Problem> Output the whole listing exactly, with no pictures.

Material provided>
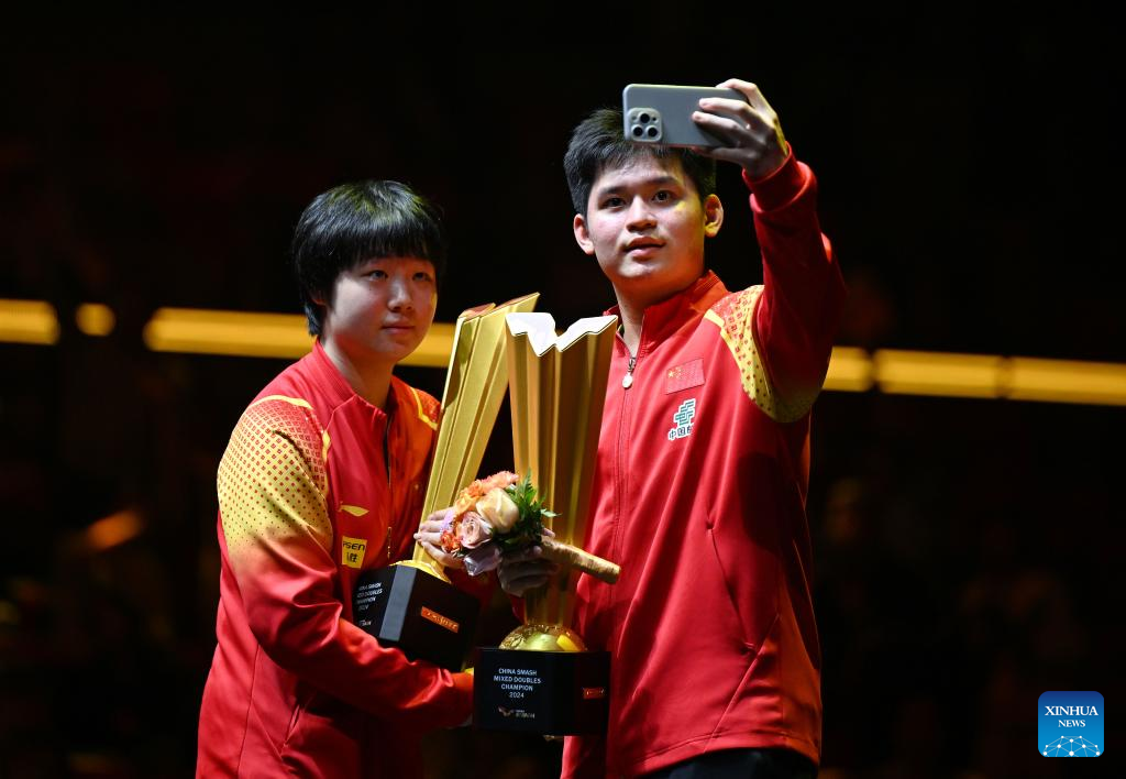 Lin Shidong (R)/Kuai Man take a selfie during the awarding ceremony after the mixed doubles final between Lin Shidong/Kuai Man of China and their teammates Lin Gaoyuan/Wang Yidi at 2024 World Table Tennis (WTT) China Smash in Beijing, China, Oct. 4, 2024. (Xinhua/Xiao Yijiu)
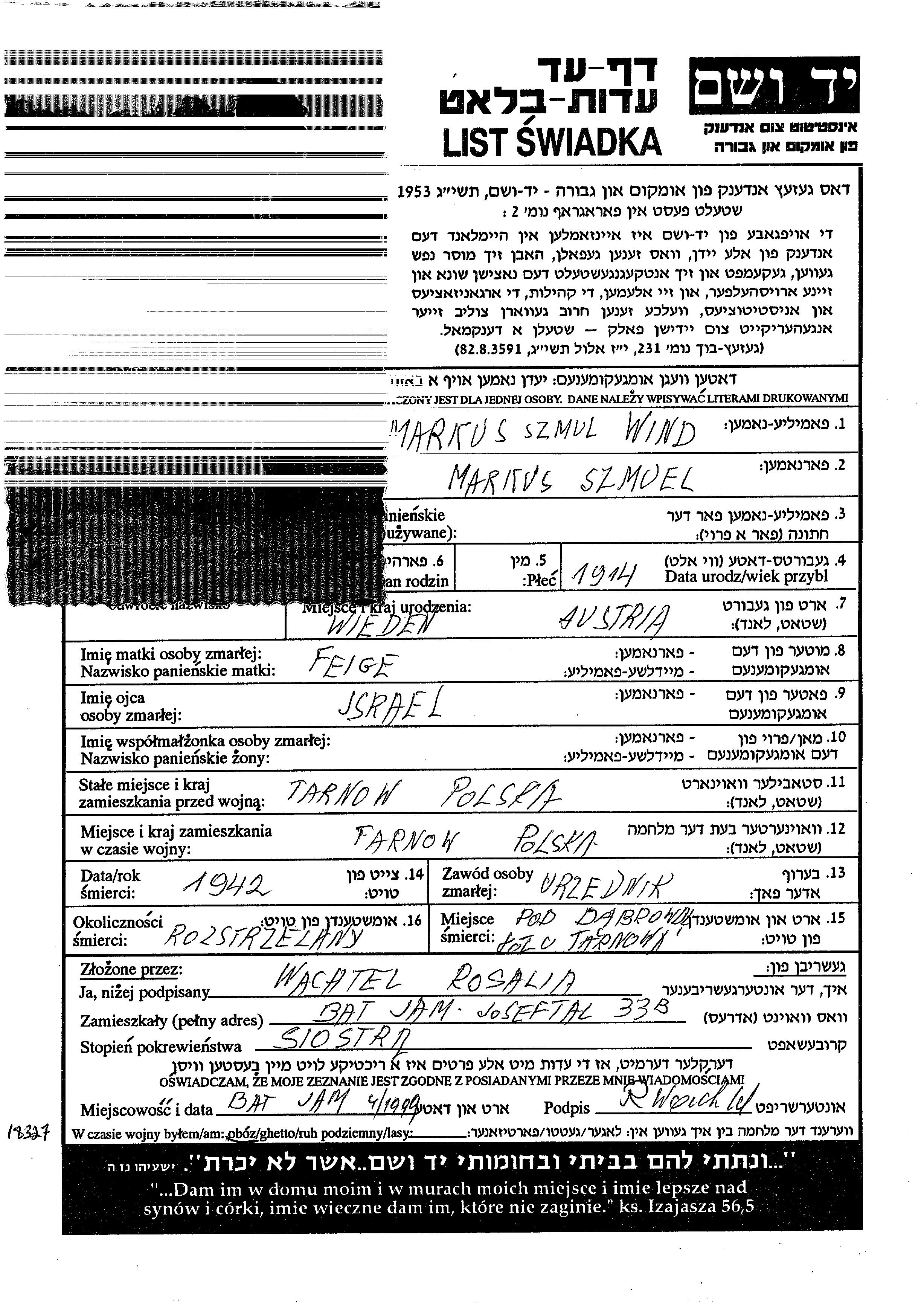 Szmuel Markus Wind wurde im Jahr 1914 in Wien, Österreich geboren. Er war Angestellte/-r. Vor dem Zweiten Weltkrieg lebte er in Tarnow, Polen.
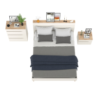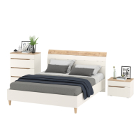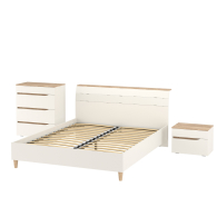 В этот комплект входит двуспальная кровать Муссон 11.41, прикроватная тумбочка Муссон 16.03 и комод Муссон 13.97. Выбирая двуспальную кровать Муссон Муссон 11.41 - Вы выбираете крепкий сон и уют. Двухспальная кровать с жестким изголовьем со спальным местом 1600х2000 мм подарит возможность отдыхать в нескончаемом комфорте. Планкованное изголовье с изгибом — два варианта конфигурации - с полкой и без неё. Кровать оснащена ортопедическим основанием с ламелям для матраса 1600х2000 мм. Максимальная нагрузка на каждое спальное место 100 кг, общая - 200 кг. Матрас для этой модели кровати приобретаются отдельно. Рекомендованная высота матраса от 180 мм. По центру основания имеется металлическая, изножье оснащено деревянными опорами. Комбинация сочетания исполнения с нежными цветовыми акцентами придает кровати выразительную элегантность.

Exercise answer>
 Lin Shidong (R)/Kuai Man take a selfie during the awarding ceremony after the mixed doubles final between Lin Shidong/Kuai Man of China and their teammates Lin Gaoyuan/Wang Yidi at 2024 World Table Tennis (WTT) China Smash in Beijing, China, Oct. 4, 2024. (Xinhua/Xiao Yijiu)
 Szmuel Markus Wind wurde im Jahr 1914 in Wien, Österreich geboren. Er war Angestellte/-r. Vor dem Zweiten Weltkrieg lebte er in Tarnow, Polen.
 В этот комплект входит двуспальная кровать Муссон 11.41, прикроватная тумбочка Муссон 16.03 и комод Муссон 13.97. Выбирая двуспальную кровать Муссон Муссон 11.41 - Вы выбираете крепкий сон и уют. Двухспальная кровать с жестким изголовьем со спальным местом 1600х2000 мм подарит возможность отдыхать в нескончаемом комфорте. Планкованное изголовье с изгибом — два варианта конфигурации - с полкой и без неё. Кровать оснащена ортопедическим основанием с ламелям для матраса 1600х2000 мм. Максимальная нагрузка на каждое спальное место 100 кг, общая - 200 кг. Матрас для этой модели кровати приобретаются отдельно. Рекомендованная высота матраса от 180 мм. По центру основания имеется металлическая, изножье оснащено деревянными опорами. Комбинация сочетания исполнения с нежными цветовыми акцентами придает кровати выразительную элегантность.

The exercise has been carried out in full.